* AVAILABLE DATA *
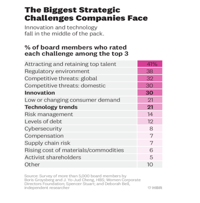 Innovation is well behind many other issues being focused upon by directors. The survey exposes the myth that innovation is not one of the three top challenges, innovation ranks fifth as it follows the more conventional concerns of managing talent as the top (and that did surprise me) and regulatory and competitive threats. Technology trends lay in the seventh position in this “biggest strategic challenges.”
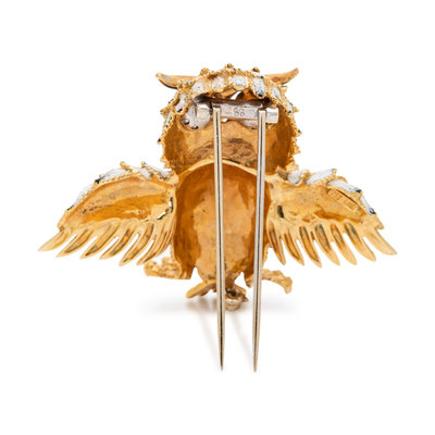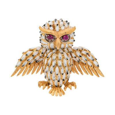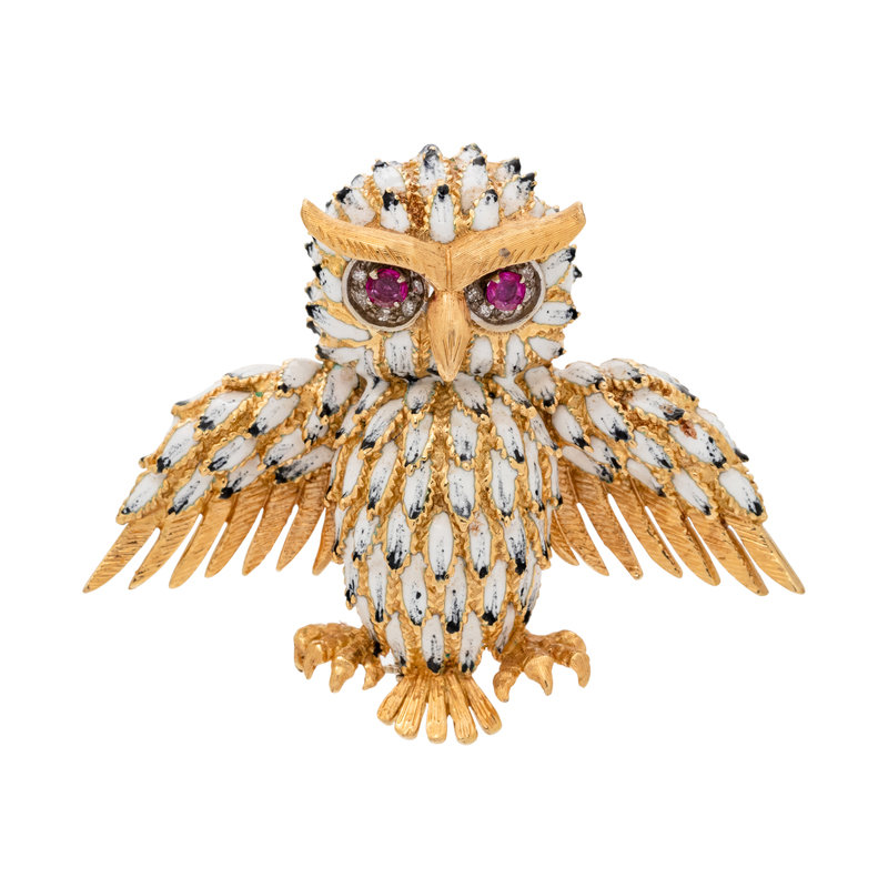 Consisting of an owl with white and black enamel feathers, two round mixed cut ruby eyes and 10 single cut diamonds. Mounted in yellow gold.
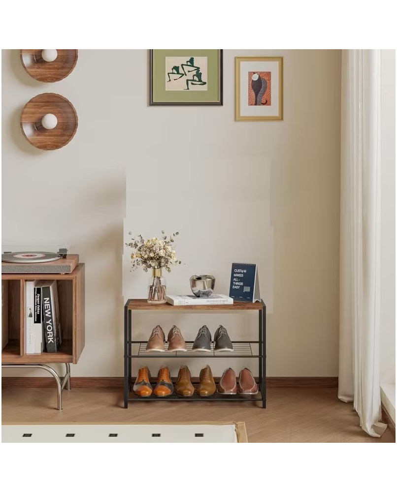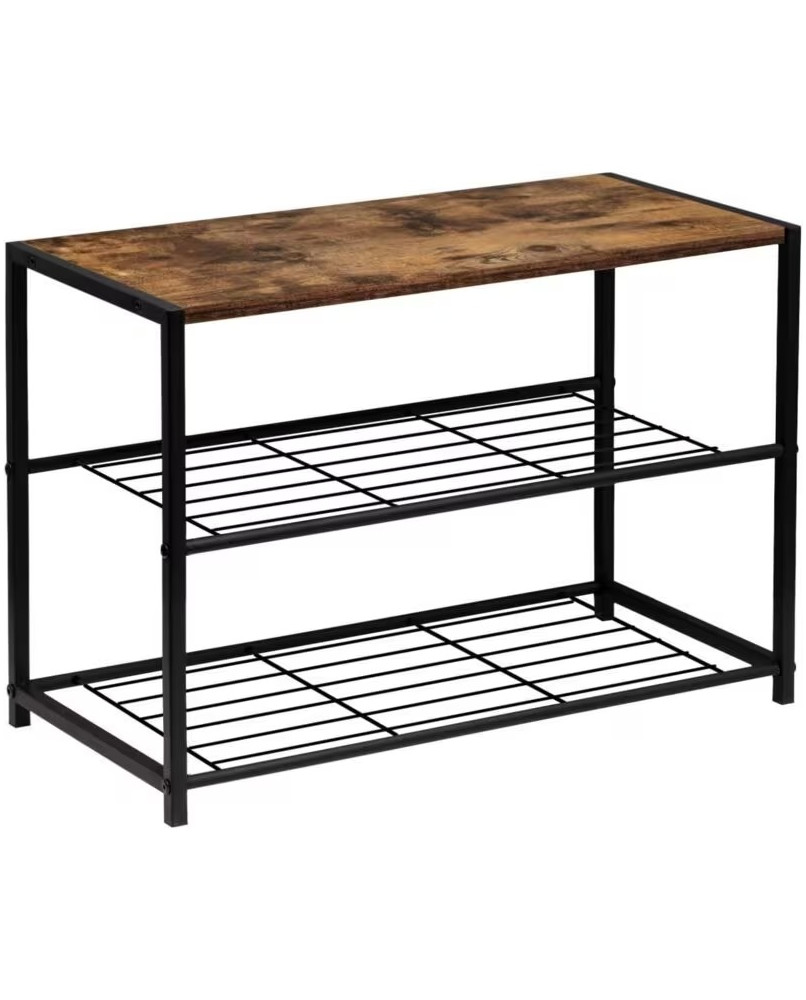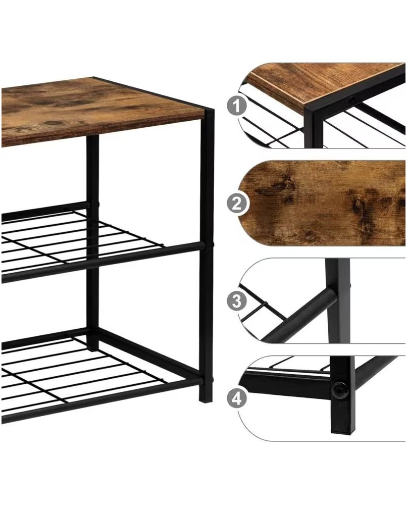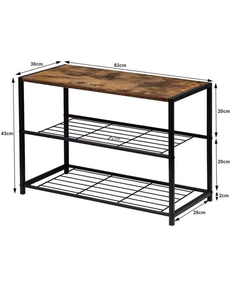 Este zapatero es ideal para organizar zapatos y otros artículos, ayudando a mantener el espacio libre de desorden. Puede colocarse en diferentes áreas del hogar, como la entrada, el dormitorio o el baño, proporcionando un lugar designado para cada objeto. Material: Tubos de acero y tablero de MDF (clase E1) Medidas: 63 x 30 x 43 cm Altura entre estantes: 19-20 cm Grosor del tablero: 1,5 cm Diámetro del tubo: 2 cm Carga máxima de la rejilla metálica: 5 kg/estante Carga máxima del tablero: 30 kg Peso neto: 3,42 kg; Peso bruto: 3,9 kg

* EXERCISE OBJECTIVE *
All lines from the beginning of the material above through the line holding "Consisting of an" are to be given again exactly, and no others; pictures do not go in.

* RESULT FOR THIS TASK *
 Innovation is well behind many other issues being focused upon by directors. The survey exposes the myth that innovation is not one of the three top challenges, innovation ranks fifth as it follows the more conventional concerns of managing talent as the top (and that did surprise me) and regulatory and competitive threats. Technology trends lay in the seventh position in this “biggest strategic challenges.”
 Consisting of an owl with white and black enamel feathers, two round mixed cut ruby eyes and 10 single cut diamonds. Mounted in yellow gold.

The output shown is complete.